* _WHAT IS BEING ASKED_
Repeat, word for word, all the data that follows, and exclude the pictures.

* _PROVIDED DATA_
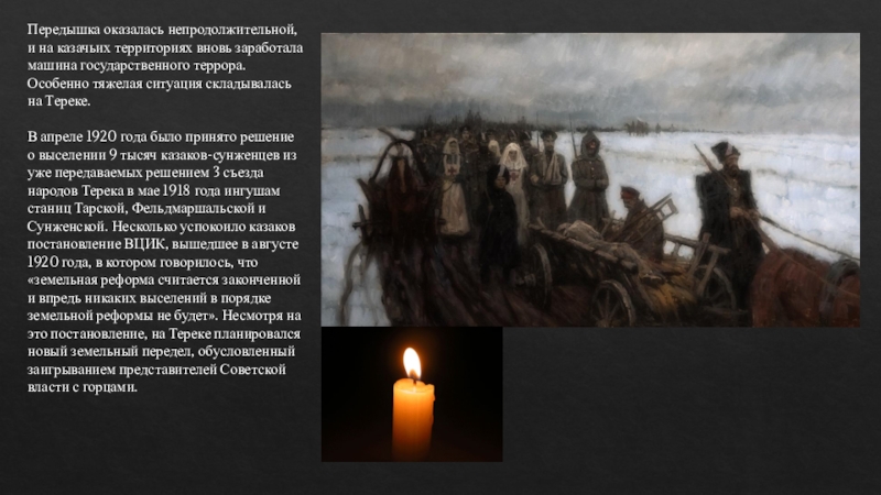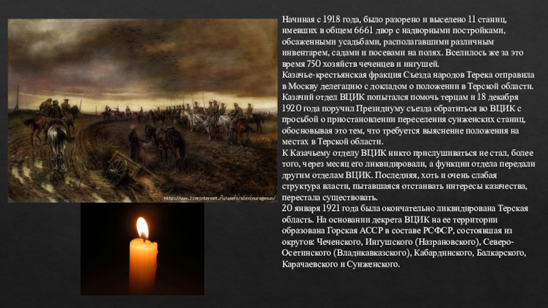 Слайд 26Начиная с 1918 года, было разорено и выселено 11 станиц, имевших
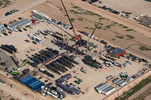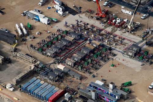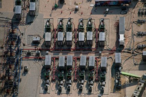 Aerial views of the hydraulic fracturing pumps onsite.
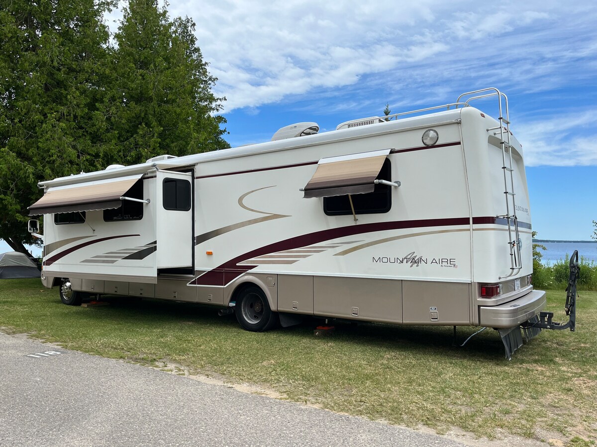 Vuelve a conectar y disfruta de un escondite privado en esta hermosa autocaravana. Podemos entregar en un radio de 25 millas de Traverse City. Ya sea que necesites un lugar para alojarte en una propiedad familiar o quieras visitar un campamento, ¡podemos acomodarnos! ¡Avísanos dónde y cuándo y lo organizaremos todo! ¡Todo lo que necesitas hacer es presentarte y relajarte! Tiendas de campaña al aire libre disponibles. Duchas interiores y al aire libre. Dormitorio principal. ¡Nevera, estufa, microondas y despensa! ¡Gran unidad de aire acondicionado!

* _RESULT OF THE EXERCISE_
 Слайд 26Начиная с 1918 года, было разорено и выселено 11 станиц, имевших
 Aerial views of the hydraulic fracturing pumps onsite.
 Vuelve a conectar y disfruta de un escondite privado en esta hermosa autocaravana. Podemos entregar en un radio de 25 millas de Traverse City. Ya sea que necesites un lugar para alojarte en una propiedad familiar o quieras visitar un campamento, ¡podemos acomodarnos! ¡Avísanos dónde y cuándo y lo organizaremos todo! ¡Todo lo que necesitas hacer es presentarte y relajarte! Tiendas de campaña al aire libre disponibles. Duchas interiores y al aire libre. Dormitorio principal. ¡Nevera, estufa, microondas y despensa! ¡Gran unidad de aire acondicionado!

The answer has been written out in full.